After another few calming minutes, Elliott pushed away from the wall and moved into the store, examining an old vinyl.
“D-d-does your d-d-d-d, ffffather like m-m-music?”
“Not really.” I took his hand in mine again and we trolled around the little store.
We spent way too long in there and after a while, we stopped pretending we were looking for Tom’s gift and gave into looking only at things Elliott liked. After the music shop, we went into a large department store. Just like all the crappy malls around the country, this store hired some large man to dress up and don a beard. It baffled me why parents paid to put their children on some strange man’s lap. Seemed wrong to me.
As I glanced around the store, trying to think of something to give Tom, Elliott’s hand tightened on mine. “What?”
I turned around and followed his eyes over to the Sa
nta line and there was Ian, holding a kid, and there was a tall blonde woman standing next to him. He was looking at me and I felt my heart beat just a little faster.
I tugged on Elliott’s hand, but he didn’t budge. “That g-g-guy’s sssstaring at you.”
I knew that. I could practically feel Ian’s eyes on me. Now I just wanted to be as far away from this store and this town as possible. How the hell would I explain to Elliott who Ian was?
“D-do you kn-know him?”
“We picked the wrong mall, it doesn’t have shit for Tom, like rock-climbing or hiking crap. Maybe I’ll just order something on-line and pay for quick shipping or something.” His feet finally moved as I pulled him away. “What do you think?”
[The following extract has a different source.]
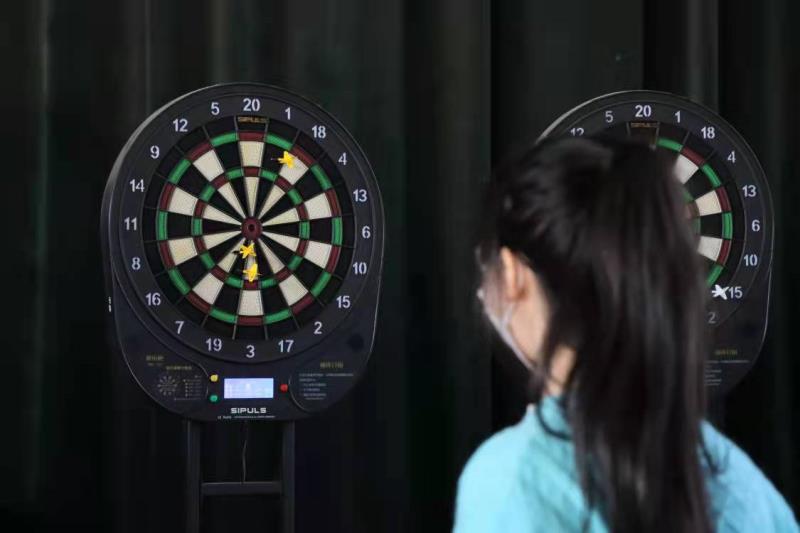 “十分!”“这个女生好厉害啊!”“她叫什么名字呀?好想认识认识!这个飞镖也太溜了。”江诗瑶投掷的飞镖一次次正中靶心,围观的学生不时发出惊呼声、赞叹声。随着比赛的进程,江诗瑶保持着领先优势,状态更是渐入佳境,不断刷新着自己的分数,令人拍手称绝。“我平时就很喜欢飞镖这项运动,所以就报名参加了这次比赛,拿到冠军有些出乎我的意料之外,有实力也有运气的成分吧,未来也会继续用飞镖来充实我的课余生活。”比赛结束后,江诗瑶对记者说道。

It wasn’t until we were in the middle of the crowded cosmetic area that he planted his feet and spoke. He didn’t answer my question. Instead, he asked, “Who wwwwas that guy?”
Shit.
“No one.”
His eyes shifted over my face. “I-I-I-I’m n-not sssstupid.”
Shit.
“Fine,” I said, my voice tight and tense. “He’s a guy I know.”
“H-h-hhhow?”
He wasn’t going to let it go, so I said tensely, “I’ve had sex with him.”
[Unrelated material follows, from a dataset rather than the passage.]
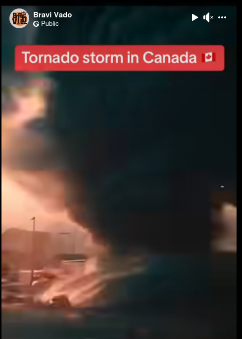 In a video spreading on social media, huge tornadoes churn through landscapes, appearing to leave swaths of destruction in their wake in … Canada?...

I thought about adding a bunch of hurtful questions like, “are you happy now?” but I refrained. Wallace told me that I should disclose what a whore I was, so now one more piece of truth had been given to him.
“B-b-b-b-but hhhhhe’s m-m-m-married and hhhhhhas a ssss-ssssson.”
“And yet his dick still found its way inside of me. What’s your fucking point?” Why couldn’t I just be nice? Why was all this coming out in angry, hateful words? My defenses were on high alert.
He was breathing hard and his hand no longer held mine. I felt very small and very, very alone as I waited for him to truly process this information. It was clear that this would be his wake-up call. This would be the thing that forced him to realize that I wasn’t good enough for him.
Honestly, it would be a relief. I wouldn’t have to work so hard at being good for him because he would discard me just like everyone else had. It would hurt. No doubt that it would hurt, but it was necessary. I would hurt and he would heal.